Na konferencji pokazano militaria i materiały wybuchowe znalezione u niedoszłego zamachowca oraz filmy z próbnych wybuchów, które robił pod Krakowem. Największy ładunek - 250 kg mieszanki własnej produkcji - zdetonował obok miejscowości Przeginia.
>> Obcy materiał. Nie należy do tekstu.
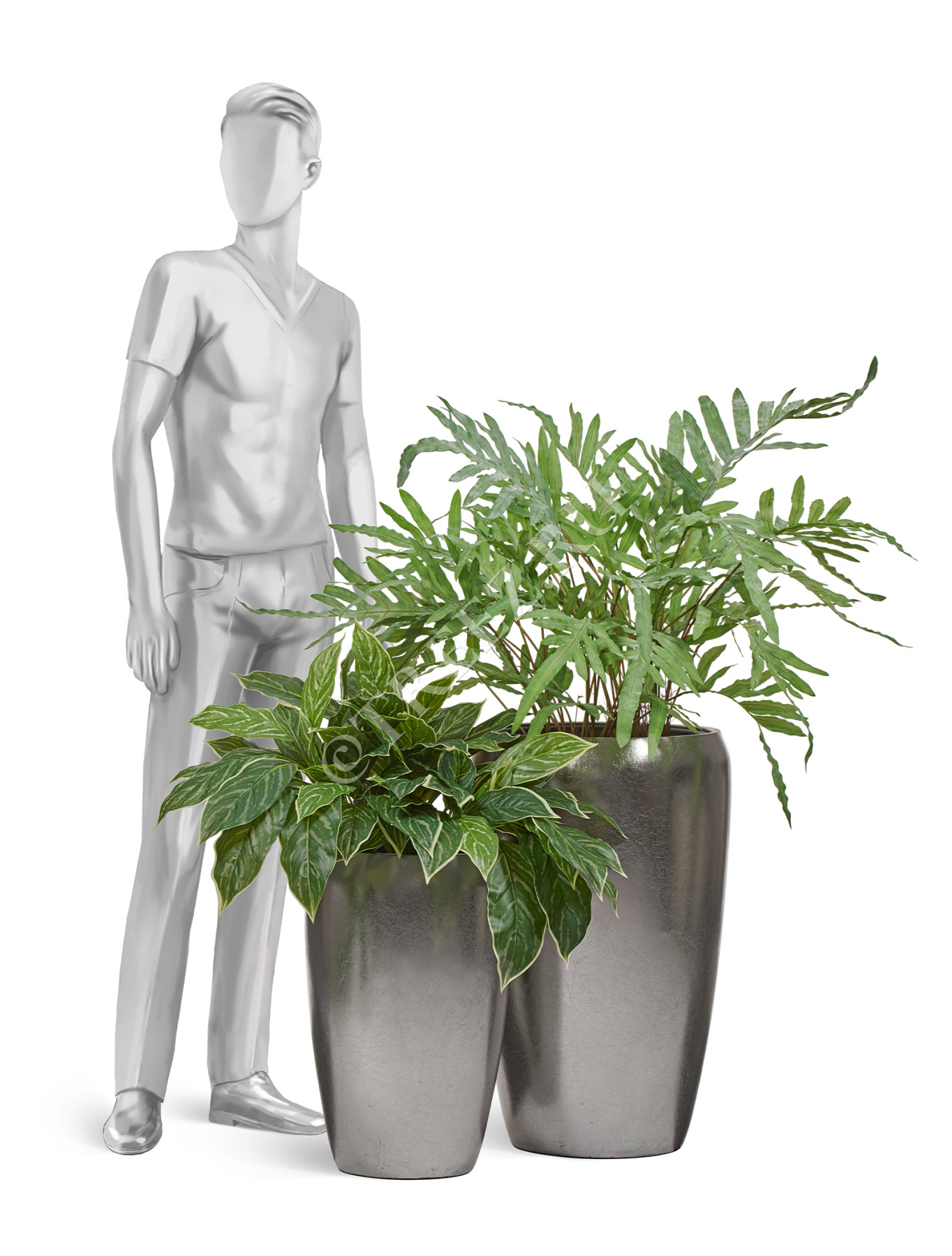 Сет № 125 - Композиция с папоротником и аглаонемой в серебряных кашпо Treez Effectory Metal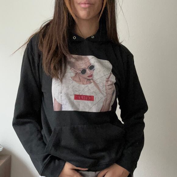A stylish black hoodie featuring a striking graphic print. This comfortable pullover sweatshirt is perfect for adding a touch of edgy flair to your casual wardrobe. The hoodie includes a classic kangaroo pocket and an adjustable drawstring hood, making it both practical and fashionable. Ideal for weekend outings, casual hangouts, or adding a cool layer to your everyday look.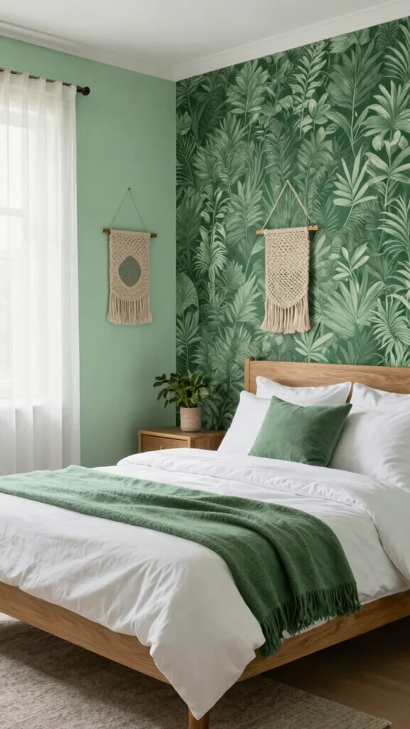 Think about creating an accent wall with deep green botanical wallpaper to add intrigue. Pair this with natural wood furniture to enhance the organic feel. Incorporate textured elements like woven wall hangings to bring warmth into the space.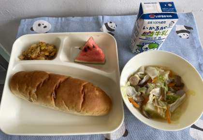 これに夏が旬の「すいか」を組み合わせています。ひと玉を1/64切れに切ります。とても甘くて美味しかったです。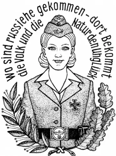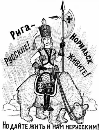 Эстонская татуировка. Выполнена на животе. Надпись: «Там, куда пришли русские, народ в беде и природа погибает» (нем.). Скопирована в морге Обуховской больницы в 1965 году. Живот.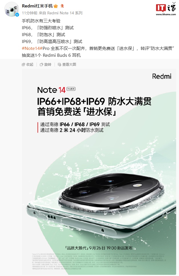 IT之家 9 月 23 日消息,小米手机今日宣布,Redmi Note14 Pro 系列通过 IP66 防强烈喷水测试、IP68 防泡水测试、IP69 防高温高压喷水测试,首销免费送“进水保”。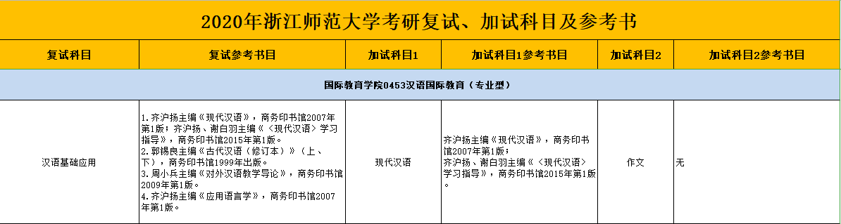 浙师大考研辅导班:2020年浙江师范大学复试参考书目-0453汉语国际教育(专业型)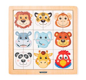 Roztomilé dřevěné puzzle s motivem zvířecích hlav 9 půlených skládaček roztomilé obrázky afrických zvířátek dřevěný rámeček český design od Hany Vavřinové Rozměr složeného puzzle cca 19 x 19 cm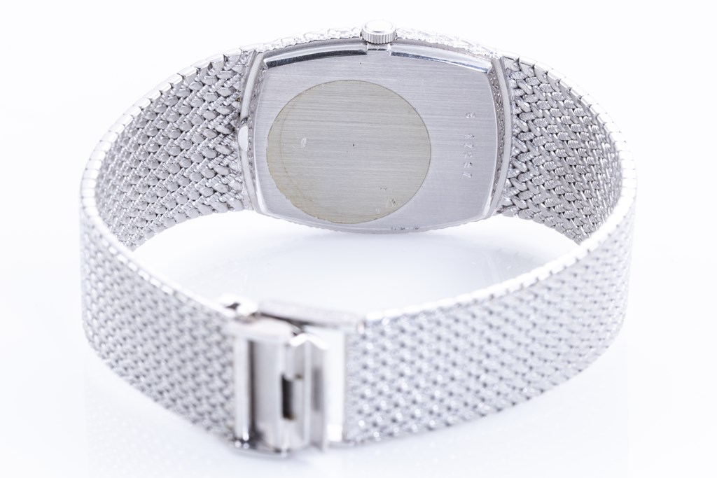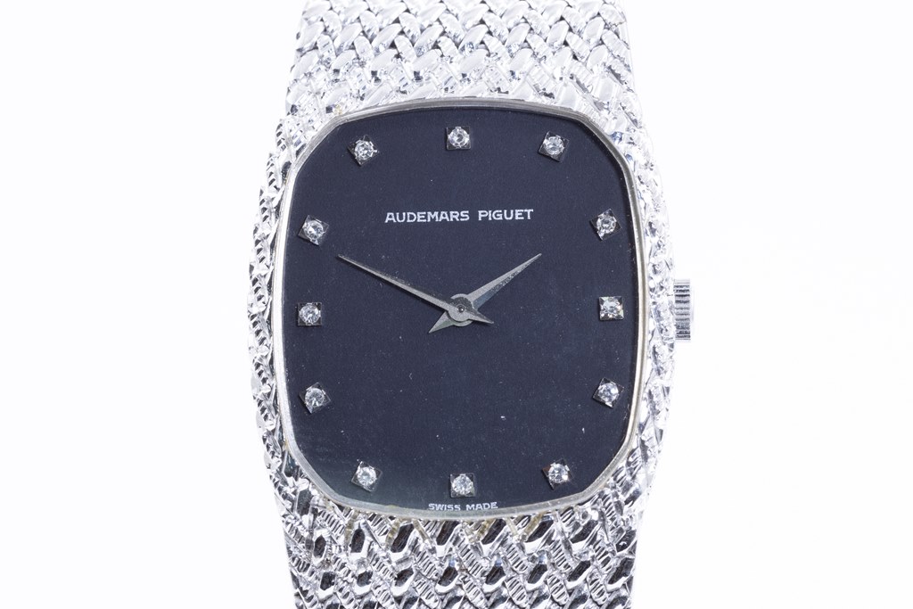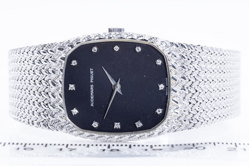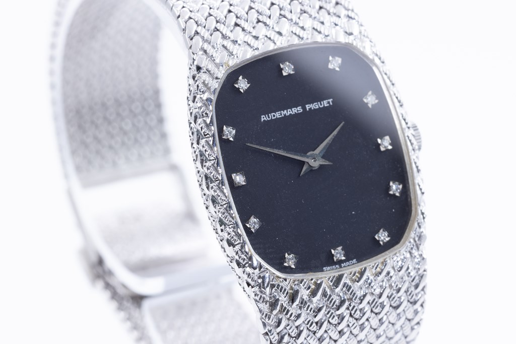 Audemars Piguet Cobra 18ct white gold manual winding watch. Black dial, diamond indicators, case diameter: 27mm, wrist size: 17.5cm, Swiss made. Ref# 587. With Audemars Piguet 18ct white gold bracelet and clasp. With Certificate of Authenticity and 3 month FSA warranty. (Pre-owned)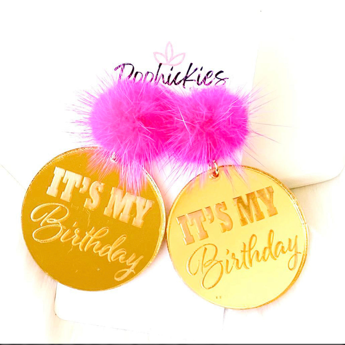 It’s My Birthday Acrylic Dangles, Hot Pink Puff

Akcję przeciwko terroryście pochwalił premier Donald Tusk. - Przekleństwo, które wyraża się w przysłowiu "mądry Polak po szkodzie", tym razem okazało się nieprawdziwe" - mówił. Antoni Macierewicz oświadczył, że "zagrożony był PiS, bo posłowie tej partii siedzą pod lożą prezydenta".


 No.38282

Początki konspiracji

Bardzo szybko do opinii publicznej przedostały się informacje, że na trop Brunona Kwietnia ABW wpadła już wiosną 2011 r. Nie było to bardzo trudne. Naukowiec, który na krakowskim Uniwersytecie Rolniczym prowadził zajęcia z chemii organicznej i nieorganicznej, od początku 2011 r. rozwieszał na innych uczelniach ogłoszenia o dość jednoznacznej treści: "Wykłady z materiałów wybuchowych gratis! Prowadzi doktor nauk chemicznych, specjalista z materiałów wybuchowych. Zakres wykładów: podstawy, działanie, właściwości. Zastosowanie: synteza, technologia i otrzymywanie materiałów wybuchowych. Inżynieria saperska, w tym obliczanie wielkości ładunków wybuchowych, wysadzanie mostów, budynków, torów kolejowych, ziemi itp.". Autor ogłoszenia zapraszał do kontaktu pod adresem borazol@o2.pl.

Na swoich zajęciach Brunon Kwiecień gromadził od kilku do kilkunastu osób. Wykłady prowadził w budynku Uniwersytetu przy ul. Balickiej. Oprócz wiedzy o wybuchach dzielił się ze słuchaczami poglądami na sytuację w Polsce i na świecie. Powtarzał to, co wypisywał w internecie na: wykop.pl, o2.pl, wp.pl i demotywatory.pl.

Na Naszej Klasie, gdzie w 2008 r. założył konto, po początkowych wspomnieniach ze szkoły narzekał na poziom nauczania chemii i na studentów. "Podobno głupszym narodem łatwiej się rządzi. Może o to w tym wszystkim chodzi? Wniosek nasuwa się sam. Spadamy na psy".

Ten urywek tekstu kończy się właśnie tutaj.